Now let's look at an example of Etruscan sculpture that would have ornamented the roofline.

 

Apollo of Veii, ca. 510-500 B.C.  

 

The Etruscan Apollo of Veii was approximately contemporary with the Early Classical Kritios Boy!  The Apollo of Veii was a temple decoration located where two wooden beams came together.

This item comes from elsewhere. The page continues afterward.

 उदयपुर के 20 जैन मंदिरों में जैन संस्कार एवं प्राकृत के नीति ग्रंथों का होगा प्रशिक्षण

It was once brightly colored.  It was also once part of a group of terra-cotta roof figures.  Apollo (the sun god) confronted Hercle (equivalent to Herakles) in order to obtain possession of the Ceryneian hind, a mythical beast with golden horns that was sacred to Apollo’s sister Artemis (the goddess of the hunt). 

 

Why would you not identify this work of art as Greek?

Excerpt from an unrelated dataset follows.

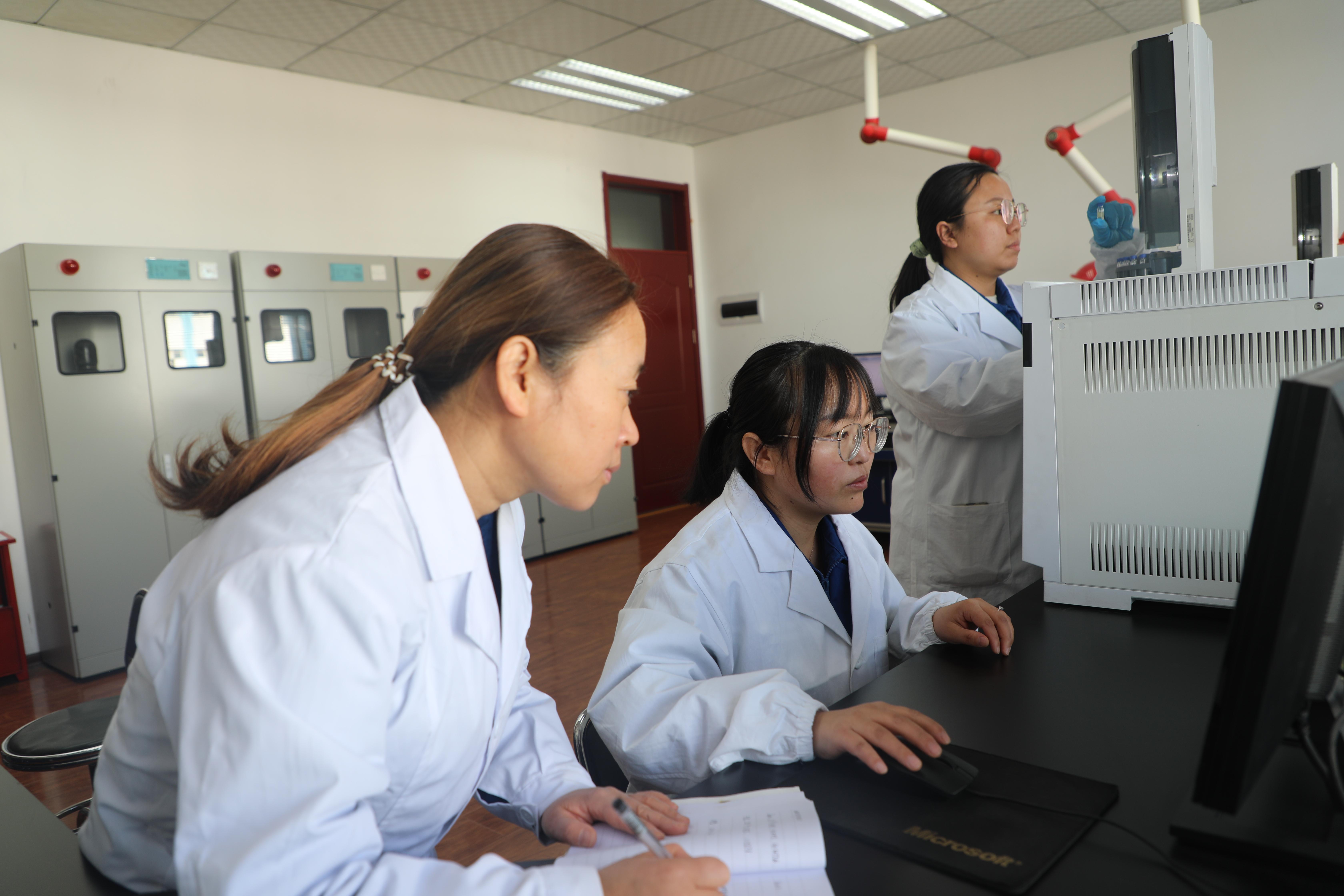 技術研發中心高婷、鄭小霞和王軍妮在測定油品分子組成

Capitoline Wolf, ca. 500-480 B.C.

 

 

Although they used a lot of terra cotta, we also know that the Etruscans knew how to manipulate bronze.  The wolf is a hollow cast bronze — the two children are later additions crafted during the Renaissance. 

 

This is Etruscan workmanship — but it was crafted for a Roman patron after Rome began to overwhelm and annex Etruscan territory.  The she-wolf was part of Roman mythology.  The twins, Romulus and Remus were abandoned as infants.  They, however, did not die because they were suckled by a she-wolf.  When the twins grew to adulthood, Romulus quarreled and killed Remus.  Romulus went on to found the city of Rome.

 

Chimera of Arezzo, first half of the 4th century

 

 

 

The Chimera of Arezzo is another lost wax cast, hollow bronze.  It again represents the work of an Etruscan artisan for a Roman patron. 

 

The Chimera was a Greek mythological figure — a fire-breathing monster.  It usually had a lion’s head, a goat’s body, and a serpent’s tail.  Its source is Homer’s Illiad.

 

According to the story, Bellerophon was a Greek hero residing in Argus.  The king Proetus had a wife who fell in love with Bellerophon and tried to seduce him.  When he rejected her, she claimed that he had tried to rape her.  Bellerophon, therefore, was sent off to the king’s brother-in-law with a sealed letter saying that he should be killed.  So the brother-in-law sent him off to slay the chimera, thinking that Bellerophon would surely die.  However, Bellerophon obtained possession of Pegasus, the winged horse that was born from the blood of Medusa.  Using Pegasus, Bellerophon killed the chimera with his arrows.

 

In this composition, the chimera is clearly wounded, but is still full of energy. 

 

The Etruscan era ultimately came to an end in 89 B.C. when the Romans conferred Roman citizenship to all of the inhabitants of Italy.